Furthermore, he cancelled his appointments with two of the medical
experts, B.-A. and V., thus delaying the proceedings by three months.
It took the applicant eight months to comment on V's report and one
and a half months to comment on B.'s report. Finally, delays of some
five months and two weeks were caused by the change of the
applicant's legal counsel and by the fact that he was late in paying
the advance on the expert's fees and in returning the X-rays to the
court. Therefore, the Court considers that a total of two years was
attributable to the applicant's own conduct.
- As
to the conduct of the domestic authorities, the Court notes that the
proceedings were pending for approximately one year and five months
before the Social Court, which dismissed the applicant's action
without having obtained expert evidence, whereas the proceedings
before the
Social Court of Appeal lasted six years and one month
including the two years of delay for which the applicant is to be
held responsible. The length of the proceedings before the Social
Court of Appeal was primarily due to the court's extensive
investigations into the applicant's medical history and the potential
occupational hazards he was exposed to and to the taking and
assessment of substantial expert evidence.
- As
to the number of experts heard, the Court considers that the domestic
courts are better placed than the Court to assess the need for expert
opinion. Nevertheless, the need to obtain expert reports does not
release the national courts from the obligation to ensure compliance
with the reasonable-time requirements of Article 6 of the Convention
(see Glüsen, cited above, § 83).
- In
the instant case, the Court notes that the Social Court of Appeal
considered it necessary to appoint four experts (including one at the
applicant's request), who were specialised in different medical
fields.
It further observes that no significant periods of
inactivity were attributable to the Social Court of Appeal in that
connection. In particular, it proceeded swiftly to the commissioning
of the expert report requested by the applicant under section 109 of
the Social Courts Act (see, by contrast, Glüsen, cited
above, § 82). Furthermore, it attempted to expedite the
proceedings by setting time-limits or reminding the experts –
when necessary – to submit their statements or reports.

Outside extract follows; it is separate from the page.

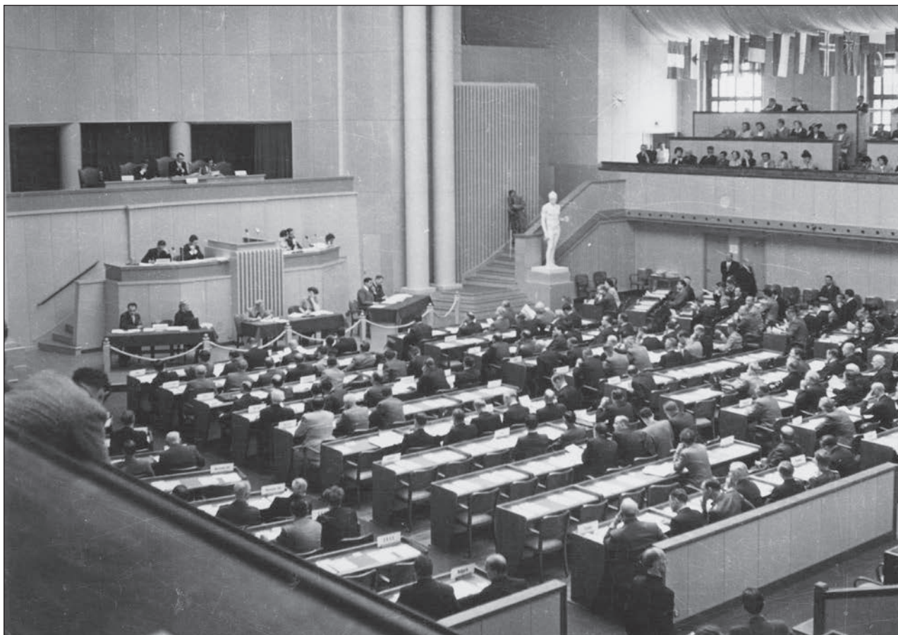
Slika 2: Diplomatska konferenca za revizijo Ženevskih konvencij, avgust 1949.

okupiran s strani sovražne sile). Vendar, ker se tedaj, po mnenju Picteta, še ni kazala nujnost sprejetja konvencije (Pictet, 1958, 4), je osnutek do druge svetovne vojne ostal le osnutek. O njem bi se moralo odločiti na konferenci leta 1940, kar je bilo že prepozno. Čeprav je ICRC ob začetku vojne predlagal, da bi se države tekom spopadov vseeno ravnale po osnutku, so se to zavrnilo. Je pa odbor uspel od večine držav pridobiti zagotovila, da bodo s civilnimi interniranci ravnali v skladu s Konvencijo o ravnanju z vojnimi ujetniki . Kljub temu pa to še zdaleč ni uredilo te problematike, saj so ob zagotovilih s strani nekaterih držav lahko pomagali le majhnemu deležu vseh civilnih internirancev in drugih civilnih žrtev v času vojne (Picciaredda, 2003, 57; Pictet, 1958, 5).

Finally, bearing in mind that the applicant even sought to have
further experts appointed, the Court considers that the number of
experts heard by the Social Court of Appeal was not excessive.
- The
Court further notes that the Federal Social Court and the Federal
Constitutional Court conducted the proceedings before them speedily.
- As
to what was at stake for the applicant, the Court accepts that the
length of the proceedings at issue caused a degree of hardship to the
applicant as the pension claimed was meant to cover at least part of
his living expenses. However, in so far as the applicant alleged that
the length of the proceedings had curtailed his rights in connection
with the supervisory-review proceedings, the Court notes that the
Insurance Association rejected the applicant's request to revoke its
earlier decisions. Thus the applicant did not qualify for a
retroactive payment of the pension in dispute and so was not affected
by the four-year time-limit he referred to. The applicant's
allegation in this connection is therefore unsubstantiated.
- In
conclusion, the Court considers that in view of the particular
circumstances of the case, notably the high complexity of its subject
matter and the considerable delays caused by the applicant's own
conduct, the overall length of the proceedings can still be regarded
as reasonable.
- Accordingly,
there has been no violation of Article 6 § 1 of the Convention.
FOR THESE REASONS, THE COURT UNANIMOUSLY
- Declares the application admissible;
- Holds that there has been no violation of
Article 6 § 1 of the Convention.
Done in English, and notified in writing on 26 March 2009, pursuant
to Rule 77 §§ 2 and 3 of the Rules of Court.